When I interviewed Jerry in 2004, he denied any behind-the-scenes maneuvering on his son’s behalf but said, “David would have been great at it because he’s a very good writer. He will do a ‘Kup’s Column’ in Chicago.” Others whom I interviewed confirmed Jerry’s plan for his son. The problem was that Kup, who was in terrible shape physically in the last years of his life but mentally sharp, never put any of the pieces in place to make that happen. For example, he didn’t position his grandson—with whom he was close—for a shot at taking the column by hiring him as a legman. In December 2003, when I interviewed David at his grandparents’ apartment at the Carlyle as he sat behind his grandfather’s desk, he told me, “To keep ‘Kup’s Column’ going would be a dream come true.”  He also said that he never actually discussed that dream with his grandfather. “The first time I really wanted to talk to him about it, he was a day away from dying.” (The closest David got to what his grandfather referred to as “columning,” was a weekly entertainment/celebrity column for the Sun-Times’ ‘Red Streak,’ since shuttered.) That there was tension between Foster and members of Kup’s family was clear from my interviews.

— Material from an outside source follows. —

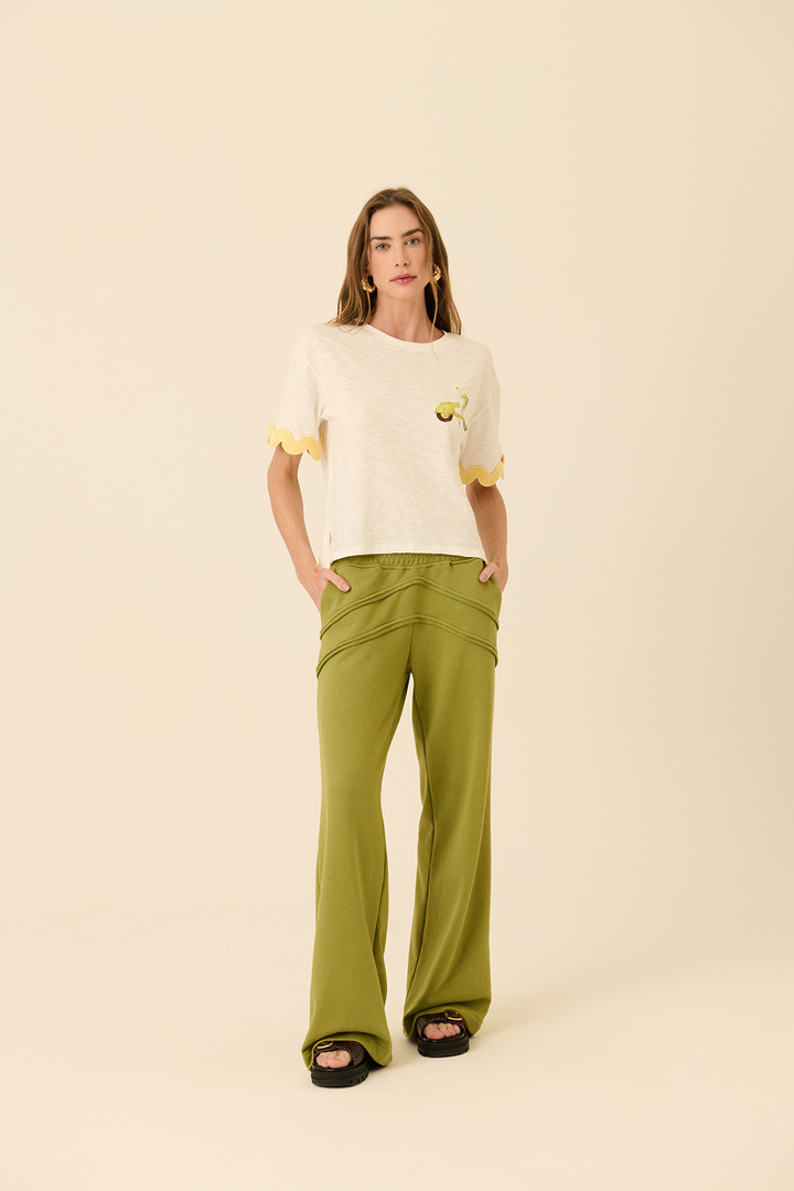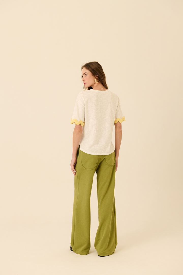 Descrição: Camiseta em malha flamê com acabamentos em renda de algodão nas mangas. A modelagem regular garante conforto e caimento leve. Ideal para composições casuais com um toque de sofisticação discreta.

Also clear was that Kup and Foster shared a great deal of love and loyalty.

The tension was exacerbated, after Kup’s death, by newsman Walter Jacobson, then working at Fox in Chicago. Jacobson reported that the Rev. Jesse Jackson was readying a boycott of the paper if Foster was pushed aside for David. “Off-the-charts wrong,” Foster told me back then. Jackson, whom I interviewed a week after I spoke to Foster, called the alleged boycott threat “violently unfair, ridiculous.” He noted, however, that Sun-Times management did the right thing and things “never got to that level.”

David, who still lives in Chicago and works as a “Close Protection Agent and Private Detective” according to his “Facebook” page, did not respond to my attempts to reach him.

POSTSCRIPT: On a related note, Foster lambasted me in 2004 for writing biographies and profiles without the cooperation of my subjects. “Why don’t you start to write books that people want written?” That don’t-upset-your-subject view was one that Kup shared. It was the rare person I talked to who did not mention that what distinguished Kup was that he was almost always nice. “He wasn’t out to destroy people,” is how Foster put it. “He would never say anything bad,” Jerry Kupcinet said.

But, that said, Kup did break news. His column was packed with celebrity gossip, but also with political insider info, including some major scoops. Kup was first to report Harry Truman's decision not to run in 1952; Kup knew because his friend, the president himself, told him. Recently, I was exchanging emails with Rob Feder, the Sun-Times’ TV and radio columnist for 28 years who now blogs for Time Out Chicago, on the subject of the lack of hard reporting on the disappearance/hospitalization of Congressman Jesse Jackson, Jr. “In the old days,” Feder wrote, “Kup would have had the power and influence to get the scoop from Jesse Sr. (or someone close to him). He might have written the item with a sympathetic spin, but there’s no way he would have sat around waiting like this."